Earlier this year, he moved the production from the custom crush facility at Laird Family Vineyards to his own winery in Calistoga. Most winemakers I have talked to, says that working in their own wineries give them a chance to focus more on every small details in the production, therefore make better wines. If that’s what’s going to happen for Mark and Teresa Aubert, then I really look forward to the 2011 vintage from them. Their chardonnays, which to me are their best wines, are already among the finest in the category of rich chardonnays in California.
2006 Ritchie Vineyard Chardonnay / 93 pGrapes to this wine are sourced from the well known Ritchie Vineyard in the cooler part of Russian River that normally, as in this case, is bottled with the Sonoma Coast appellation. This is one of the oldest vineyards of Chardonnay in Sonoma, and it’s planted with the clones Old Wente, Robert Young and Chardonnay Musqué. Color is golden straw, quite deep and slightly cloudy since the wine is bottled unfiltered. At first, when poured directly from the bottle, the nose was very intense and showed an almost sweetish fruitiness with notes of pineapple and sweet lemon, but there’s also a spicy oak note reminiscent of all spice and cloves. To some consumers, this style of chardonnay is a bit too much, and I can understand that – but tasting the same wine after one, or ever tree hours of decanting, is a bit more elegant. (Sometimes I find this kind of chardonnays, when tasted at the same age, tastes better and more complex the day after!) When the sweeter fruit notes have started to mellow, a more complex and earthy, even stony an “almost but not really burgundian” quality evolves.

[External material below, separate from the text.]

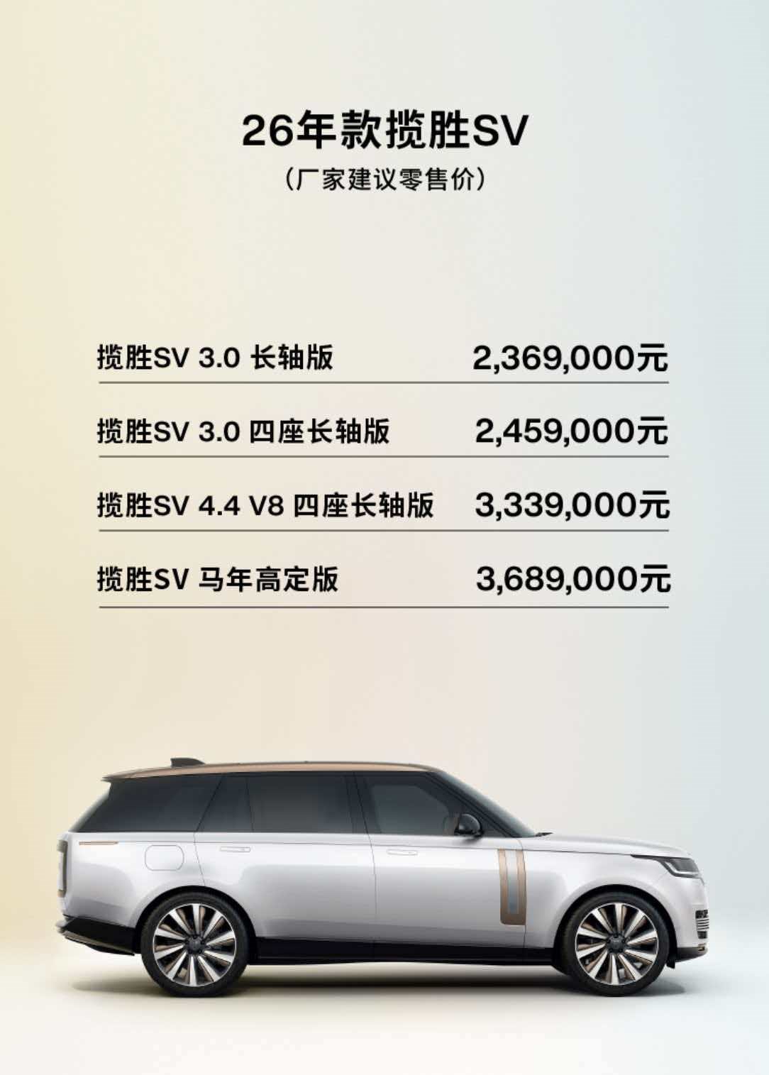 此次在北京,配置全球首创灵魂座椅及律动地毯的26年款揽胜SV和揽胜运动SV分别以236.9万起和195万起的价格上市,而那款限量3辆、售价为368.9万元的SV马年高定版,更是当场售罄,揽胜高定的魅力可见一斑。

On the palate, the same mellowing effect is to be expected from decanting. At first, it is full bodied, rich and ripe with a silky texture but lively acidity that lingers for almost a minute, but with air, it’s more complex and elegant. The texture and finish is great, the only negative thing is the slightly too warm alcohol. Serving it with food, which is recommended, the alcohol warmth will be integrated and absorbed by creamy textures and some acidity. I’d like to serve it at around 12 degrees.